─── Exercise data

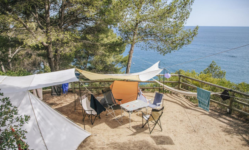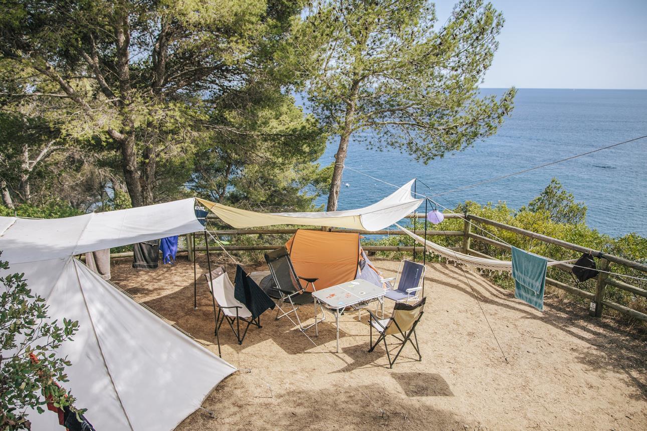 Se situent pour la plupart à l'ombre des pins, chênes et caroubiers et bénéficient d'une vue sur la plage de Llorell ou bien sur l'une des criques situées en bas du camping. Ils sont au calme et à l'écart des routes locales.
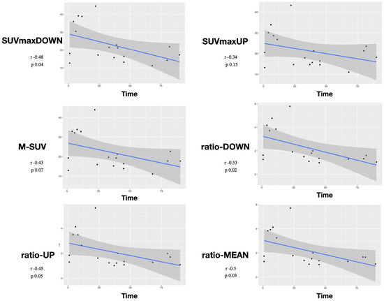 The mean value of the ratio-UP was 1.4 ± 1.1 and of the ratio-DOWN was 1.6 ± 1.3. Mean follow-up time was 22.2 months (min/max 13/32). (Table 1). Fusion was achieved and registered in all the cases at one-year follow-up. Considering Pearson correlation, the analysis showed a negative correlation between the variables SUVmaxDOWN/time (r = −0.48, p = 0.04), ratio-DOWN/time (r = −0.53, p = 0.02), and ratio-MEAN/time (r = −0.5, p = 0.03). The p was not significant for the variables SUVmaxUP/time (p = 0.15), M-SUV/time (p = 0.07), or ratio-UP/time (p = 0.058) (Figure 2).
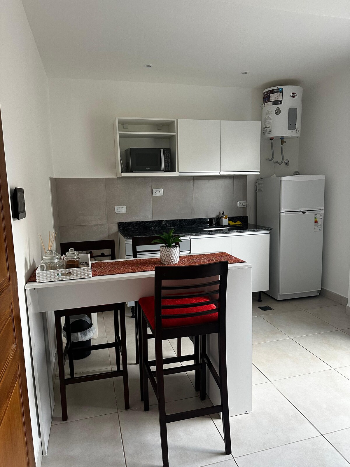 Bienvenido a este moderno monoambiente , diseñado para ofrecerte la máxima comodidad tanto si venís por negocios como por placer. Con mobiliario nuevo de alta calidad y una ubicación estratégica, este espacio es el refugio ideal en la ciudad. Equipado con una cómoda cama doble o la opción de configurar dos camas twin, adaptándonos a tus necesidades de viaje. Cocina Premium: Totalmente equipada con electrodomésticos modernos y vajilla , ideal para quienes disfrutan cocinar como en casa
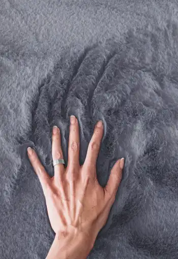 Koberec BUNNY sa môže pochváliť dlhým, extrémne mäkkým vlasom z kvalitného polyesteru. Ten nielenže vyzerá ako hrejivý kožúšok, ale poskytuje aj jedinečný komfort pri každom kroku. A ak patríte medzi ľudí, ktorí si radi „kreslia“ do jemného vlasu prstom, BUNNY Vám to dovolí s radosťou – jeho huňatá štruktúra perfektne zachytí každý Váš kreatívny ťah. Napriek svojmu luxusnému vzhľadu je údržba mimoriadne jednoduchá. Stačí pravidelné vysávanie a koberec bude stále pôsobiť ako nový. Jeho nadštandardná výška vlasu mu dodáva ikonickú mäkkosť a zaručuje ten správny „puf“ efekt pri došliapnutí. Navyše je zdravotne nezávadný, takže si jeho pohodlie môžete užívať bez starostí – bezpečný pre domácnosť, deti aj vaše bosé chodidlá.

──────

## Goal of the exercise
Your copy should hold only the lines running from the one that contains "Bienvenido a este" through the final line of the data; transcribe them exactly, both ends included, and leave pictures out.

## Final answer
 Bienvenido a este moderno monoambiente , diseñado para ofrecerte la máxima comodidad tanto si venís por negocios como por placer. Con mobiliario nuevo de alta calidad y una ubicación estratégica, este espacio es el refugio ideal en la ciudad. Equipado con una cómoda cama doble o la opción de configurar dos camas twin, adaptándonos a tus necesidades de viaje. Cocina Premium: Totalmente equipada con electrodomésticos modernos y vajilla , ideal para quienes disfrutan cocinar como en casa
 Koberec BUNNY sa môže pochváliť dlhým, extrémne mäkkým vlasom z kvalitného polyesteru. Ten nielenže vyzerá ako hrejivý kožúšok, ale poskytuje aj jedinečný komfort pri každom kroku. A ak patríte medzi ľudí, ktorí si radi „kreslia“ do jemného vlasu prstom, BUNNY Vám to dovolí s radosťou – jeho huňatá štruktúra perfektne zachytí každý Váš kreatívny ťah. Napriek svojmu luxusnému vzhľadu je údržba mimoriadne jednoduchá. Stačí pravidelné vysávanie a koberec bude stále pôsobiť ako nový. Jeho nadštandardná výška vlasu mu dodáva ikonickú mäkkosť a zaručuje ten správny „puf“ efekt pri došliapnutí. Navyše je zdravotne nezávadný, takže si jeho pohodlie môžete užívať bez starostí – bezpečný pre domácnosť, deti aj vaše bosé chodidlá.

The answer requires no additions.